The Garden in the Woods II

In what I think it becoming an annual ritual, my mom and I went to The Garden in the Woods again in May. We don’t go exactly on Mothers Day, but near to it and this year we went a couple of weeks earlier than last year and boy was it different. Most of the ferns were still unfurling. Shooting stars, lady slippers and wild hyacinth were not blooming. That’s not to say nothing was, and I’m happy that we caught the bluebells in their pristine glory, something we missed last year.

A girl this beautiful

And another blue beauty, Forget me nots.

Forget me not

I’ve never seen either of these flowers in the wild and that’s one of the main reasons I go to The Garden in the Woods. It’s a beautifully put together display of native plants, both abundant and rare. I had a time getting this grouping just right, but I love it. Each plant is 1-2 feet high and the leaves are a foot across on some plants. The flowers themselves are 2-4 inches and I don’t know if they ever open completely like other trillium. All the ones on display were upright like this; like flames on torches.

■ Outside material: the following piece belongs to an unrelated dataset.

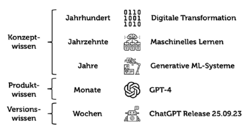 - Stützen Sie sich beim Aufbau Ihrer eigenen AI Literacy auf „Konzeptwissen“ statt auf „Versionswissen“ (s. Abb. 2). Sie brauchen sich nicht sorgen, dass Sie den Anschluss verpassen. Es ist nicht so wichtig, immer die neuesten Tools zu kennen, wenn Sie ein grundlegendes Verständnis der Technologie (z.B. Sprachmodelle) entwickelt haben. Diese bildet die Basis für eine grundlegende Orientierung und Beurteilungskompetenz.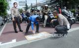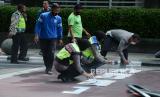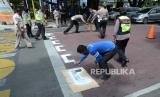Petugas dari Direktorat Lalu Lintas Polda Jawa Barat membuat ruang henti khusus (RHK) sebagai bentuk penerapan physical distancing bagi pengguna roda dua di Perempatan Jalan Merdeka-Jalan Aceh, Kota Bandung, Kamis (16/7). RHK nantinya akan tersedia di 159 titik traffic light yang tersedia di 22 kabupaten dan kota wilayah Polda Jawa Barat. RHK merupakan upaya preventif dalam meminimalisir adanya kerumunan kendaraan roda dua di ruang henti khusus pada traffic untuk mencegah penularan Covid-19. (FOTO : Edi Yusuf/Republika)

Yellow Trillium (Toadshade)
Toadshade

As usual, I shot with the legacy Olympus 90mm macro pretty much all day. One thing I didn’t do, because I forgot, was to use the on-board flash for fill, which I did quite a lot last time with good results. I really have to be better about remembering all the tools I have at my fingertips with this camera. The other day I persisted through something that was annoying me because I didn’t remember that I could change it. Doh!

One lesson I’ve learned the hard way is not to fight the light. Photography is all about light, but sometimes nature doesn’t serve up the perfect conditions. This used to frustrate me to no end and I actually ruined a bunch of vacation pictures trying for the shots I had in my head even though the light didn’t serve them at all. Now I work with the light I have and use it to its best advantage. If that means giving up on the shots in my head so be it. I try to be open to new images, compositions and arrangements with the light I have and for the most part it works. Mostly I try to enjoy what I’m doing regardless of what I had in mind when I went out. By now you know my love of dappled sunlight and I hope I’m getting better at showing just how magical it can be.

Anyway…Not all the flowers are big and showy though. Many are tiny and unobtrusive.

What’s in a name?

I should have taken a shot of the sign for this one since I can’t find it anywhere. It grows on a bush and has many trooping tassels of these flowers. At first we thought they were gone by, but on a closer look we discovered they weren’t. Each one is about 1/4 of an inch across. I bet hardly anyone ever notices them. These, too –

Star Chickweed

Definitely this trip had more of the mundane than the exotic. Even though violets are pretty much everywhere, it doesn’t diminish their beauty.

Yellow violet
Impossible desires

On our way out, we stopped by the planting beds; the place the plants are grown so they can be placed in various displays or sold so people can create their own wild gardens. While there I found this lone yellow bellwort in the sun. Who could resist? Especially since the plants in the displays had all gone by already.

Yellow bellwort

I’d like to take another trip to The Garden in the Woods during high summer…say mid-June. I bet it is so different that it would be like I’d never been there. Ah the panoply of nature. It’s never boring.